== Segment start ==

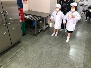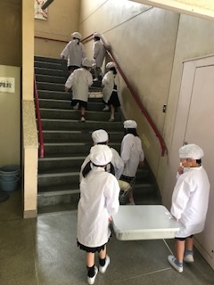 1年生の給食はしばらくの間、6年生が運んでくれていましたが、給食に慣れてきた1年生は自分たちで運搬しています。食器や大おかず等は重たいですが、ペアで協力してしっかり運ぶことができています。
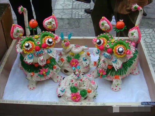 從農(nóng)歷“小年”開始,蒸饃成為陜西各家各戶的頭等大事。各家的大姑娘、小媳婦三五相約,相互幫忙,今天你家,明天我家,起面、發(fā)面、揉面、捏花色……一袋袋面粉在他們靈巧的手中不斷變幻,升華為富有多項祝福意味的“春節(jié)符號”。
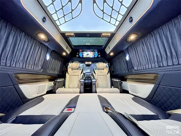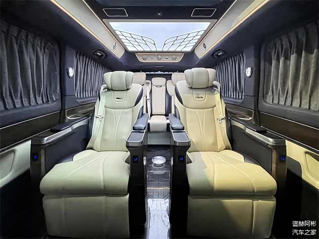 车辆外观基本保留了奔驰的原貌,你一眼就能看到巨大的三角星标志。没有那么多复杂的外观,看起来更简洁。主副驾驶以及侧门都做了软包隔音处理,整个驾驶舱都采用奔驰新款轿车的设计风格,豪华感浓郁,V260L全新的悬浮显示屏升级为触屏控制,驾驶舱视野开阔。
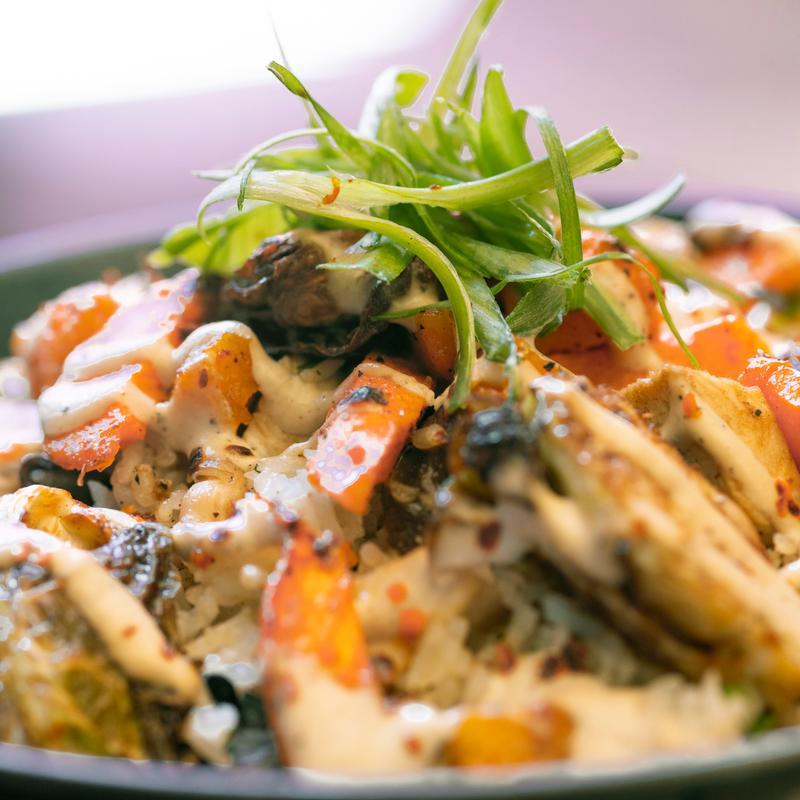 Jasmine rice sautéed with mushrooms, roasted brussels, butternut squash, carrots, and tahini with your choice of cumin chicken or falafel.
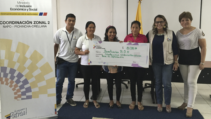 El Ministerio de Inclusión Económica y Social (MIES) entregó en la provincia de Napo 71 nuevos Créditos de Desarrollo Humano (CDH) por un monto de 85.700 dólares para fortalecer emprendimientos en producción de cacao de familias de las comunidades Rukullacta y Alto Shikama, cantón Archidona; y Chonta Punta, cantón Tena.
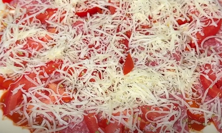 Подготовьте начинку: нарежьте перец и помидор тонкими кружочками, сыр натрите, колбасу нарежьте ломтиками. Когда тесто в сковороде поднимется и покроется пузырьками, распределите соус, присыпьте половиной сыра, разложите перец, помидоры, колбасу и снова посыпьте сыром.
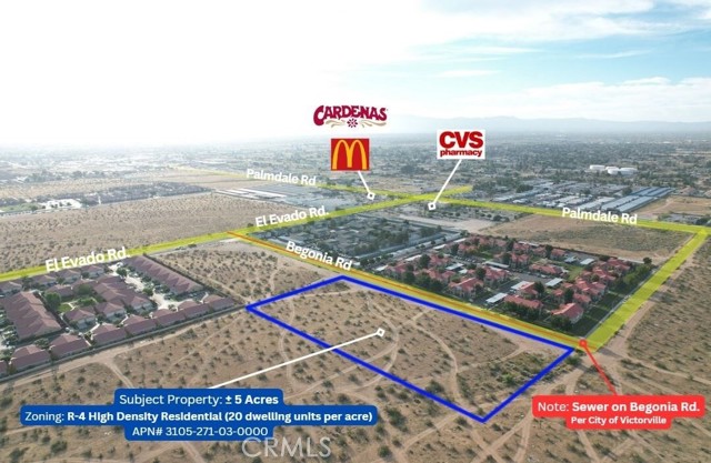 Maximum Density: R-4 zoning allows up to 30 units per gross acre, providing a potential yield of 150 units on a 5-acre footprint. Versatile Development: ldeal for large-scale apartment complexes, luxury condominiums, or income-restricted projects. Incentivized Growth: Benefit from reduced parking requirements (1 space per studio/1BR) for senior or affordable housing developments. Prime Visibility: Situated on a primary arterial with 28,000+ cars per day, offering immediate access to the 1 -15 and US-395 corridors. The "Live-Work-Play" Location: Your future tenants will be steps away from major retail anchors, including Walmart, starbucks, and Cardenas Market. With over 1,300 units recently approved nearby, this site sits at the heart of a massive residential influx.
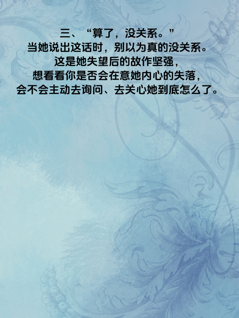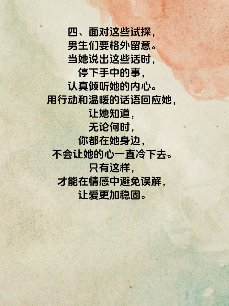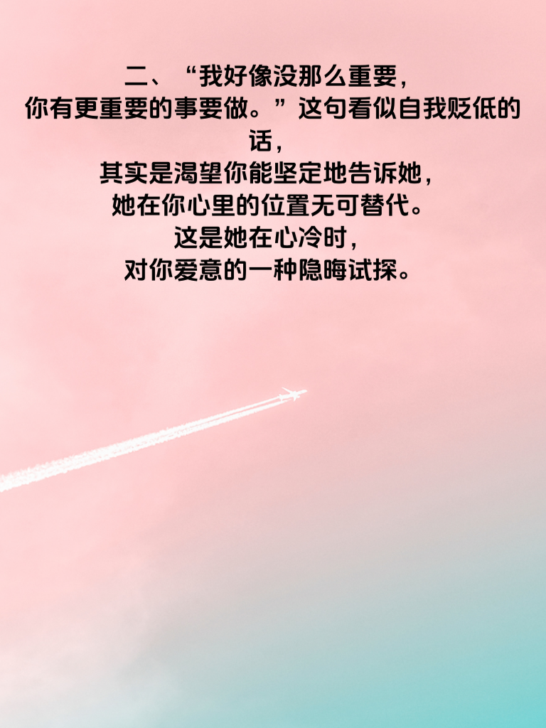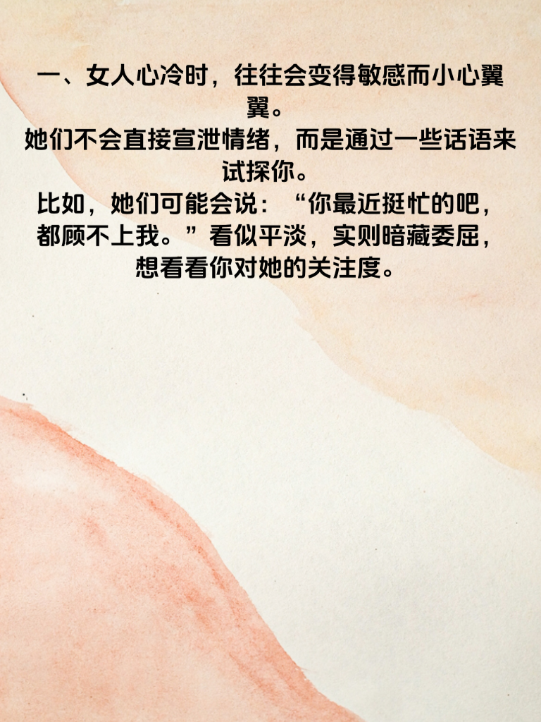 一、女人心冷时,往往会变得敏感而小心翼翼。她们不会直接宣泄情绪,而是通过一些话语来试探你。比如,她们可能会说:“你最近挺忙的吧,都顾不上我。”看似平淡,实则暗藏委屈,想看看你对她的关注度。 二、“我好像没那么重要,你有更重要的事要做。”这句看似自我贬低的话,其实是渴望你能坚定地告诉她,她在你心里的位置无可替代。这是她在心冷时,对你爱意的一种隐晦试探。 三、“算了,没关系。”当她说出这话时,别以为真的没关系。这是她失望后的故作坚强,想看看你是否会在意她内心的失落,会不会主动去询问、去关心她到底怎么了。 四、面对这些试探,男生们要格外留意。当她说出这些话时,停下手中的事,认真倾听她的内心。用行动和温暖的话语回应她,让她知道,无论何时,你都在她身边,不会让她的心一直冷下去。只有这样,才能在情感中避免误解,让爱更加稳固。
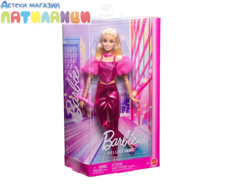 Куклите Barbie Deluxe Style придават очарование на думата „блясък“! Всяка колекция предлага впечатляващи материи, забавни силуети и луксозни аксесоари, вдъхновени от най-актуалните модни тенденции. Децата и колекционерите ще се влюбят в стилизирането на куклите Barbie Deluxe Style за всички бляскави поводи… и ще ги позират в стойки, достойни за модно дефиле! Всяка кукла се продава отделно, в зависимост от наличността. Куклите не могат да стоят самостоятелно. Цветовете и декорациите могат да варират. Тази Барби блести в розово от глава до пети! Нейният блестящ металически корсет се допълва от нежни органзени ръкави, които „плават“ над раменете ì. Подходящите панталони подчертават елегантния ì вид, а полу-сплетената прическа разкрива големите ì обеци и огърлица с рози. Барби носи и различни гривни, чанта с панделка и розови обувки на ток. Гъвкавите стави позволяват куклата да заема всякакви позиции. Децата над 4 години могат да съберат всички кукли от серията Barbie Deluxe Style, за да експериментират с модата и да се забавляват с тази разнообразна колекция.
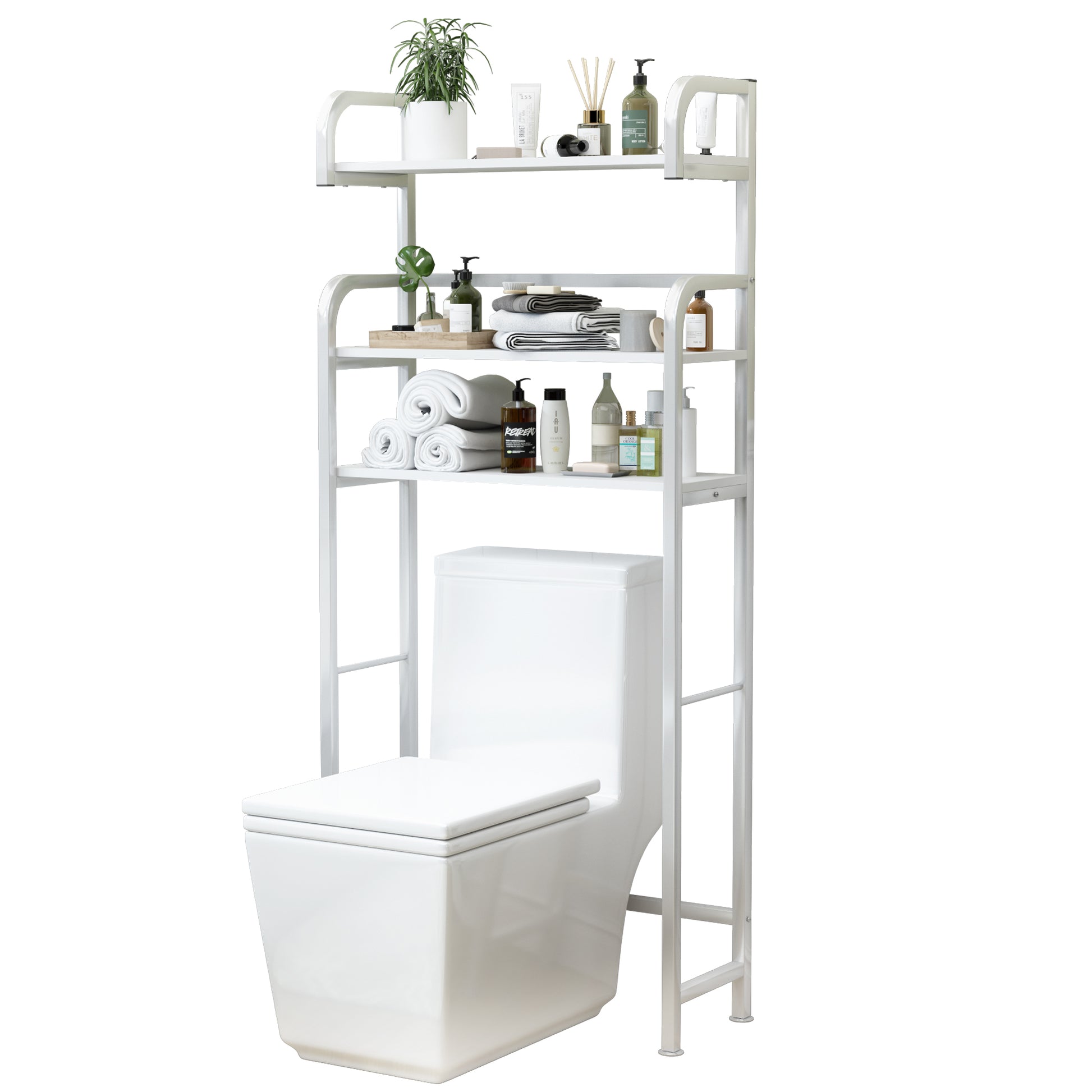 This three-tier shelf provides additional storage to take advantage of unused or counter space in the bathroom, such as towels and various bathroom essentials. The storage rack above the toilet is a good helper to avoid sundries, bringing you a clean and orderly bathroom.

== Segment end ==

| ASSIGNMENT |
Set down the data above exactly as written. Omit the pictures.

| REPLY |
 1年生の給食はしばらくの間、6年生が運んでくれていましたが、給食に慣れてきた1年生は自分たちで運搬しています。食器や大おかず等は重たいですが、ペアで協力してしっかり運ぶことができています。
 從農(nóng)歷“小年”開始,蒸饃成為陜西各家各戶的頭等大事。各家的大姑娘、小媳婦三五相約,相互幫忙,今天你家,明天我家,起面、發(fā)面、揉面、捏花色……一袋袋面粉在他們靈巧的手中不斷變幻,升華為富有多項祝福意味的“春節(jié)符號”。
 车辆外观基本保留了奔驰的原貌,你一眼就能看到巨大的三角星标志。没有那么多复杂的外观,看起来更简洁。主副驾驶以及侧门都做了软包隔音处理,整个驾驶舱都采用奔驰新款轿车的设计风格,豪华感浓郁,V260L全新的悬浮显示屏升级为触屏控制,驾驶舱视野开阔。
 Jasmine rice sautéed with mushrooms, roasted brussels, butternut squash, carrots, and tahini with your choice of cumin chicken or falafel.
 El Ministerio de Inclusión Económica y Social (MIES) entregó en la provincia de Napo 71 nuevos Créditos de Desarrollo Humano (CDH) por un monto de 85.700 dólares para fortalecer emprendimientos en producción de cacao de familias de las comunidades Rukullacta y Alto Shikama, cantón Archidona; y Chonta Punta, cantón Tena.
 Подготовьте начинку: нарежьте перец и помидор тонкими кружочками, сыр натрите, колбасу нарежьте ломтиками. Когда тесто в сковороде поднимется и покроется пузырьками, распределите соус, присыпьте половиной сыра, разложите перец, помидоры, колбасу и снова посыпьте сыром.
 Maximum Density: R-4 zoning allows up to 30 units per gross acre, providing a potential yield of 150 units on a 5-acre footprint. Versatile Development: ldeal for large-scale apartment complexes, luxury condominiums, or income-restricted projects. Incentivized Growth: Benefit from reduced parking requirements (1 space per studio/1BR) for senior or affordable housing developments. Prime Visibility: Situated on a primary arterial with 28,000+ cars per day, offering immediate access to the 1 -15 and US-395 corridors. The "Live-Work-Play" Location: Your future tenants will be steps away from major retail anchors, including Walmart, starbucks, and Cardenas Market. With over 1,300 units recently approved nearby, this site sits at the heart of a massive residential influx.
 一、女人心冷时,往往会变得敏感而小心翼翼。她们不会直接宣泄情绪,而是通过一些话语来试探你。比如,她们可能会说:“你最近挺忙的吧,都顾不上我。”看似平淡,实则暗藏委屈,想看看你对她的关注度。 二、“我好像没那么重要,你有更重要的事要做。”这句看似自我贬低的话,其实是渴望你能坚定地告诉她,她在你心里的位置无可替代。这是她在心冷时,对你爱意的一种隐晦试探。 三、“算了,没关系。”当她说出这话时,别以为真的没关系。这是她失望后的故作坚强,想看看你是否会在意她内心的失落,会不会主动去询问、去关心她到底怎么了。 四、面对这些试探,男生们要格外留意。当她说出这些话时,停下手中的事,认真倾听她的内心。用行动和温暖的话语回应她,让她知道,无论何时,你都在她身边,不会让她的心一直冷下去。只有这样,才能在情感中避免误解,让爱更加稳固。
 Куклите Barbie Deluxe Style придават очарование на думата „блясък“! Всяка колекция предлага впечатляващи материи, забавни силуети и луксозни аксесоари, вдъхновени от най-актуалните модни тенденции. Децата и колекционерите ще се влюбят в стилизирането на куклите Barbie Deluxe Style за всички бляскави поводи… и ще ги позират в стойки, достойни за модно дефиле! Всяка кукла се продава отделно, в зависимост от наличността. Куклите не могат да стоят самостоятелно. Цветовете и декорациите могат да варират. Тази Барби блести в розово от глава до пети! Нейният блестящ металически корсет се допълва от нежни органзени ръкави, които „плават“ над раменете ì. Подходящите панталони подчертават елегантния ì вид, а полу-сплетената прическа разкрива големите ì обеци и огърлица с рози. Барби носи и различни гривни, чанта с панделка и розови обувки на ток. Гъвкавите стави позволяват куклата да заема всякакви позиции. Децата над 4 години могат да съберат всички кукли от серията Barbie Deluxe Style, за да експериментират с модата и да се забавляват с тази разнообразна колекция.
 This three-tier shelf provides additional storage to take advantage of unused or counter space in the bathroom, such as towels and various bathroom essentials. The storage rack above the toilet is a good helper to avoid sundries, bringing you a clean and orderly bathroom.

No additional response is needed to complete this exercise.